There is a policy that is guaranteed to increase the number of years between now and the arrival of transformative AI. The General Conference on Weights and Measures defines one second to be 9,192,631,770 cycles of the optical radiation emitted during a hyperfine transition in the ground state of a cesium 133 atom. Redefining the second to instead be 919,263,177 cycles of this radiation will increase the number of years between now and transformative AI by a factor of ten. The reason this policy works is the same reason that defining a time standard works–the microscopic behavior of atoms and photons is ultimately governed by the same physical laws as everything else, including computers, AI labs, and financial markets, and those laws are unaffected by our time standards. Thus fewer cycles of cesium radiation per year implies proportionately fewer other things happening per year.

Making such a change might not sound politically tractable, but there is already precedent for making radical changes to the definition of a second. Previously it was defined in terms of Earth’s solar orbit, and before that in terms of Earth’s rotation. These physical processes and their implementations as time standards bear little resemblance to the present-day quantum mechanical standard. In contrast, a change that preserves nearly the entire standard, including all significant figures in the relevant numerical definition, is straightforward.

One possible objection to this policy is that our time standards are not entirely causally disconnected from the rest of the world. For example, redefining the time standard might create a sense of urgency among AI labs and the people investing in them. It’s not hard to imagine that the leaders and researchers within companies advancing the state of the art in AI might increase their efforts after noticing it is taking ten times as long to generate the same amount of research. While this is a reasonable concern, it seems unlikely that AI labs can increase their rate of progress by a full order of magnitude. Why would they currently be leaving so much on the table if they were? Futhermore, there are similar effects that might push in the other direction. Once politicians and executives realize they will live to be hundreds of years old, they may take risks to the longterm future more seriously.

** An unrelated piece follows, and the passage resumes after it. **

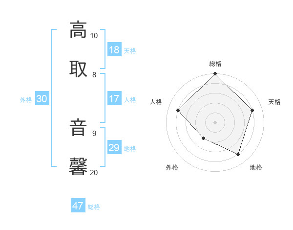 高取 音馨さんの総格は47画の5点!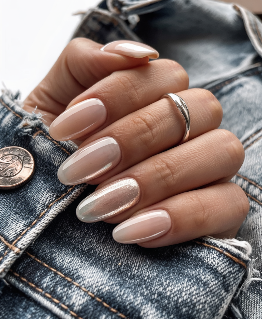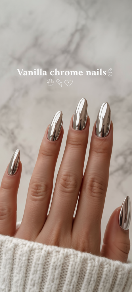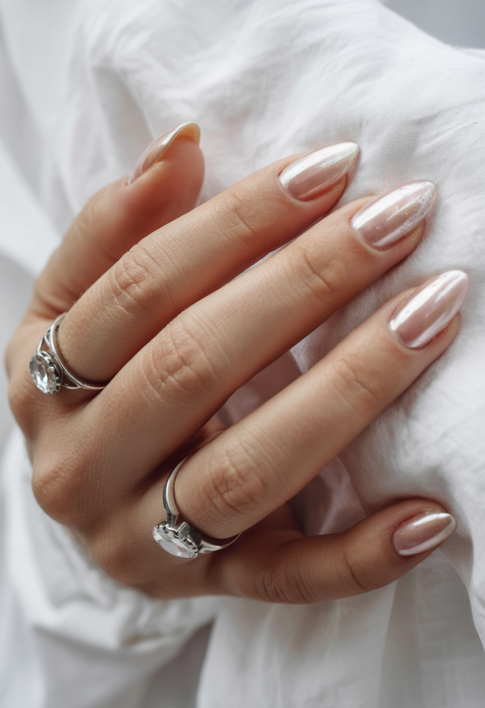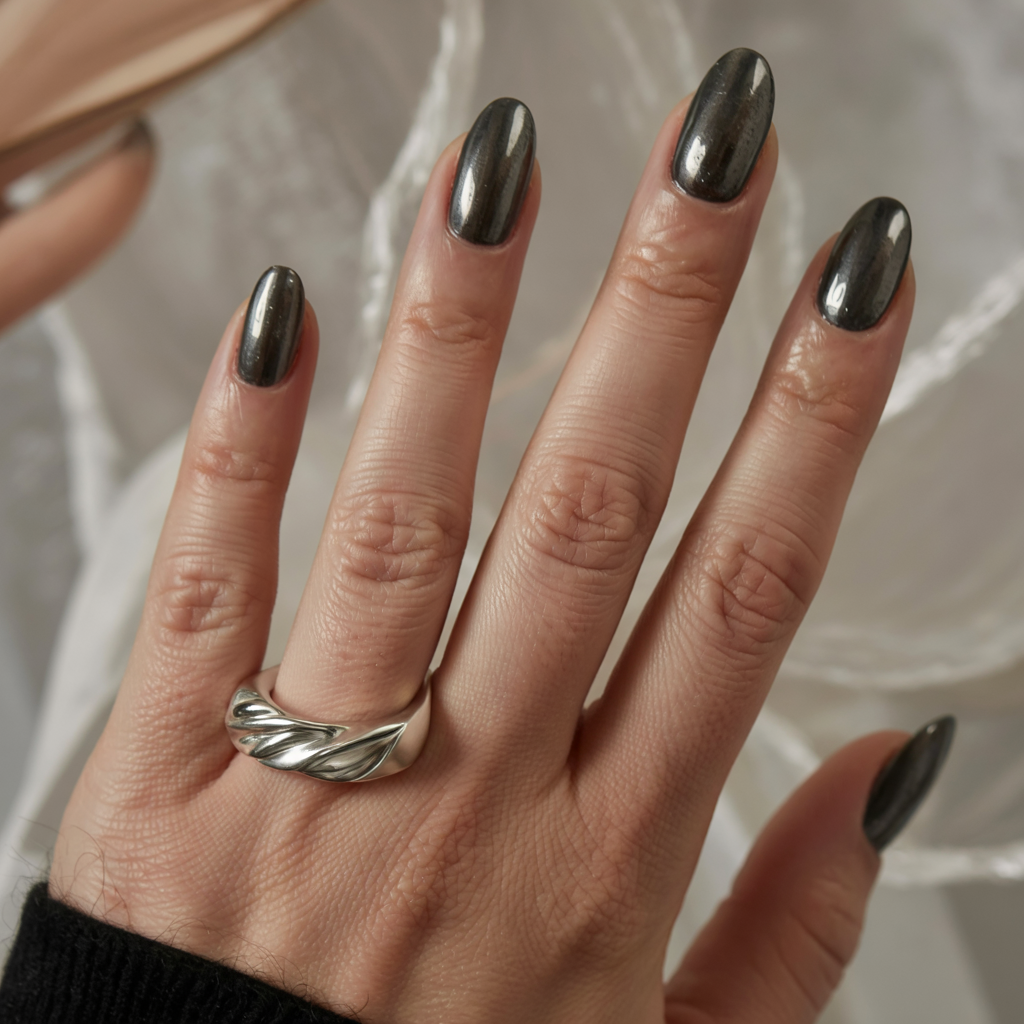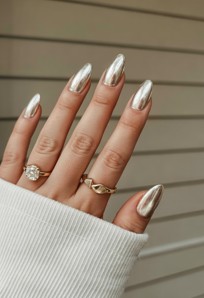 It is an ultra-reflective champagne chrome, which is a champagne drink on your nails, crisp, festive, and very suitable during the upcoming colder months. It follows that sparkly air that makes even your comfiest sweater feel fancy.

Still, it does seem that the policy might have undesirable side effects. Changing all of our textbooks, clocks, software, calendars, and habits is costly. One solution to this challenge is to change the standard either in secret or in a way that allows most people to continue using the old “unofficial” standard. After all, what matters is the actual number of years required to create AI, not the number of years as measured by some deprecated standard.

In conclusion, while there are many policies for increasing the number of years before the arrival of advanced artificial intelligence, until now, none of them has guaranteed a large increase in this number. This policy, if implemented promptly and thoughtfully, is essentially guaranteed to cause a large increase the number of years before we see systems capable of posing a serious risk to humanity.